Records contained in a dataset:
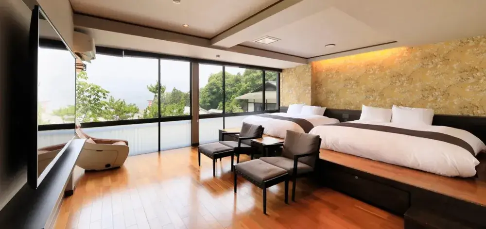 客室は、島内一の眺望を誇る海側客室をはじめ、和と洋の様々なタイプをご用意。
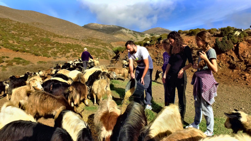 På gården, finns förutom hästar även 300 getter, 150 får, grisar, kor och höns. Majoriteten av djuren strövar fritt på de 1000 hektar stora ägorna. Varje morgon förvandlas hundratals liter get- och fårmjölk till fetaost och andra läckra ostsorter.
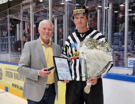 For 37. gang blev B.T.s Gyldne Fløjte til årets dommer uddelt, og Andreas Weise Krøyer fik den forgyldte fløjte overrakt på isen inden OL-testkampen mellem Danmark og Frankrig lørdag aften i Rødovre Centrum Arena.
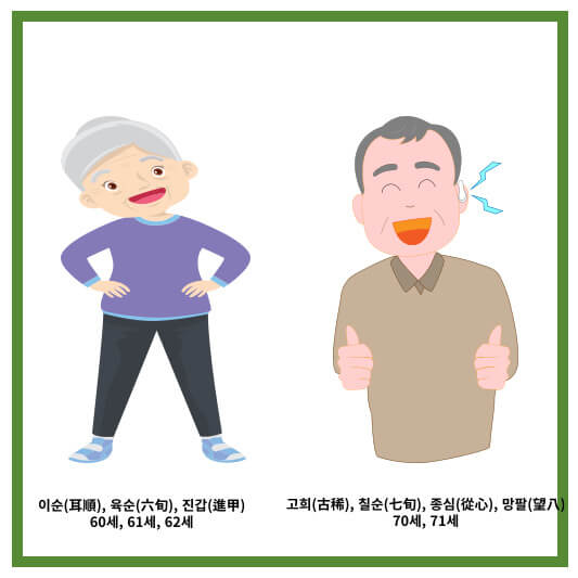- 60세: 이순(耳順), 육순(六旬) - 듣는 대로 이해하고 예순 살을 이르는 말
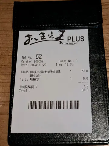 有薯菜。我是跟黑椒汁,淋下去时那种声音真的很棒。:)(这个也是我偏爱铁板的理由)我叫了五成熟,味道不错,有一些血汁,口感柔软,比较喜欢牛肉,不过猪肉也不错。:)到大人的奥华利牛柳,同样选了五成熟,可惜卖相跟味道口感不成正比,太老了。:(难为大人了。所以我都分了一些牛柳给他。以这个价钱来说,是可以接受的,不过没有再来吃的冲动。:(即使大的连锁店,不好好想办法以gimmick、水准留住顾客,日后要继续百花齐放的市场上立足未必容易。

Exercise description — Produce the data again character for character, with the images left out.

Answer to the problem —
 客室は、島内一の眺望を誇る海側客室をはじめ、和と洋の様々なタイプをご用意。
 På gården, finns förutom hästar även 300 getter, 150 får, grisar, kor och höns. Majoriteten av djuren strövar fritt på de 1000 hektar stora ägorna. Varje morgon förvandlas hundratals liter get- och fårmjölk till fetaost och andra läckra ostsorter.
 For 37. gang blev B.T.s Gyldne Fløjte til årets dommer uddelt, og Andreas Weise Krøyer fik den forgyldte fløjte overrakt på isen inden OL-testkampen mellem Danmark og Frankrig lørdag aften i Rødovre Centrum Arena.
- 60세: 이순(耳順), 육순(六旬) - 듣는 대로 이해하고 예순 살을 이르는 말
 有薯菜。我是跟黑椒汁,淋下去时那种声音真的很棒。:)(这个也是我偏爱铁板的理由)我叫了五成熟,味道不错,有一些血汁,口感柔软,比较喜欢牛肉,不过猪肉也不错。:)到大人的奥华利牛柳,同样选了五成熟,可惜卖相跟味道口感不成正比,太老了。:(难为大人了。所以我都分了一些牛柳给他。以这个价钱来说,是可以接受的,不过没有再来吃的冲动。:(即使大的连锁店,不好好想办法以gimmick、水准留住顾客,日后要继续百花齐放的市场上立足未必容易。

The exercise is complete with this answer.